One of the commodities that excited the 2012 market, graphite began stirring interest in 2011 and really gained momentum early this year. But the precipitous fall, right around April Fool’s Day, let cynics bask in schadenfreude. It was a bubble all along, they insisted.

Well, not quite. Despite reduced share values, work continued as the front-runners advanced their projects and earlier-stage companies competed for position in graphite’s second wave of potential producers. By autumn some of the advanced-stage outfits, far from humbled by last spring’s events, boldly indulged themselves in a blatant bragging contest.

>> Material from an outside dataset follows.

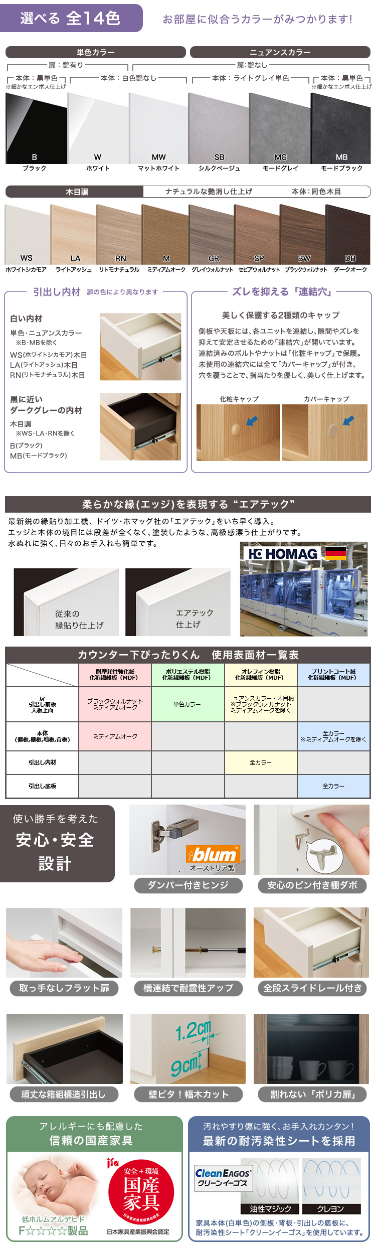 グレイウォルナット木目(艶消), シルクベージュ(艶消), セピアウォルナット木目(艶消), ダークオーク木目(艶消), ブラックウォルナット木目(艶消), ブラック(艶有), ホワイトシカモア木目(艶消), ホワイト(艶有), マットホワイト(艶消), ミディアムオーク木目(艶消), モードグレイ(艶消), モードブラック(艶消), ライトアッシュ木目(艶消), リトモナチュラル木目(艶消)

Old king coal to regain its throne

If clean carbon doesn’t excite investors like it used to, plain old dirty carbon might. By 2017 coal’s share of the global energy market will rival that of oil. So says the International Energy Agency, which issued its Medium-Term Coal Market Report in December.

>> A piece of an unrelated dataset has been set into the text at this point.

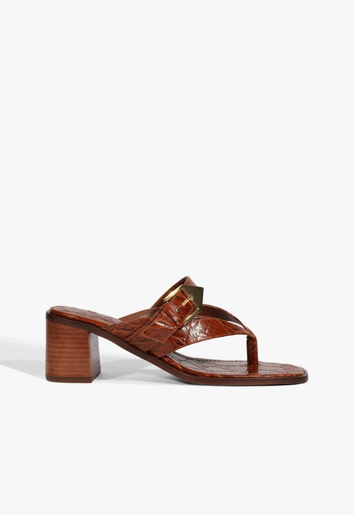 Sandália em couro croco, com cabedal em V e toe ring, detalhe de tira horizontal com fivela decorativa, bico quadrado e salto bloco.
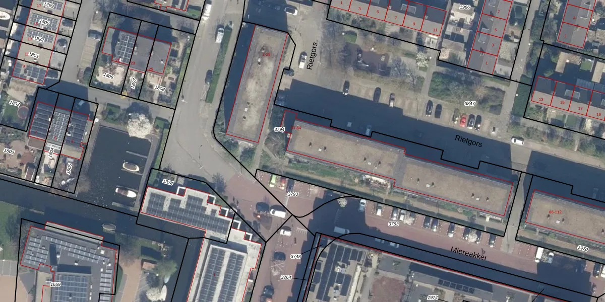 Het perceel waarop Rietgors 36 staat heeft een oppervlakte van 2588 m². Dit is een zeer groot perceel. De perceeloppervlakte wordt geregistreerd door het Kadaster. Gedetailleerde informatie over de maten van dit perceel kunt u vinden in het rapport Kadastrale kaart met maatvoering van Rietgors 36.

A mining and exploration retrospect for 2012

The forecast sees China consuming over half the world’s production by 2017. “Even if Chinese GDP growth were to slow to a 4.6% average over the period, coal demand would still increase both globally and in China,” the report stated. India, with the world’s “largest pocket of energy poverty,” will take second place for consumption.

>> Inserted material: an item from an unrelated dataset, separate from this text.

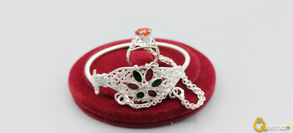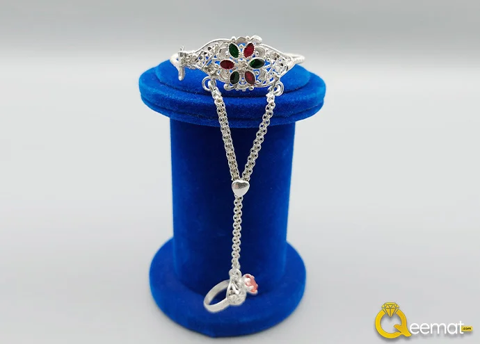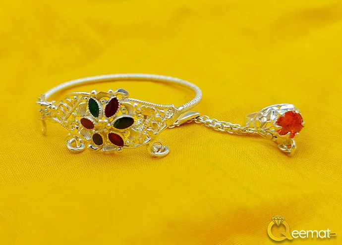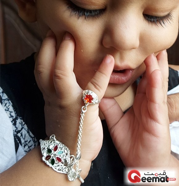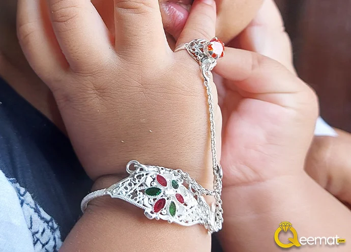 Pure Silver bracelets with beautiful and sparkling chains connected with the rings for your baby are available here. Several silver flakes are concentrated in the following design. Tiny green and red stones in it not only enhance the look of your kids but also show how valuable this jewelry piece is made. Besides enhancing the scent of your children’s fashion, it also encourages viewers to praise your choice in style and fashion.
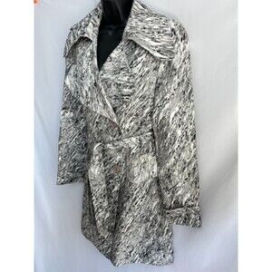 VTG Alberto Makali Floral Quilted Embroidered Trench Coat Jacket 10 Silver White

Coal’s growth in demand is slowing, however. But its share of the energy mix continues to increase even though Europe’s “coal renaissance” (sic) appears to be temporary.

Bringing coal miners to new hassle

Chinese provide much of the market and often the investment. So why shouldn’t they provide the workers too? That seems to be the rationale of Chinese interests behind four British Columbia coal projects.

The proponents plan to use Chinese underground workers exclusively at the most advanced project, HD Mining International’s Murray River, for 30 months of construction and two additional years of mining. Only then would Canadians be initiated into the mysteries of Chinese longwall mining. But with only 10% of the workforce to be replaced by Canadians each year, Chinese “temporary” workers would staff the mine until about 2026. The B.C. government has known about these intentions since at least 2007.

The HD Mining saga has seen new developments almost every week since the United Steelworkers broke the story on October 9.

As Greenland’s example suggests, the scheme might represent another facet of China’s growing power.

Geopolitical geology

Resource imperialism aside, resource nationalism and other aspects of country risk continued throughout 2012. South American Silver TSX:SAC continues to seek compensation after spending over $16 million on a silver-polymetallic project that the Bolivian government then snatched as a freebie. Centerra Gold TSX:CG escaped nationalization in Kyrgyzstan but works its way through somewhat Byzantine political and regulatory intrigue, as does Stans Energy TSXV:HRE. In November the latter claimed a court victory over a hostile parliamentary committee.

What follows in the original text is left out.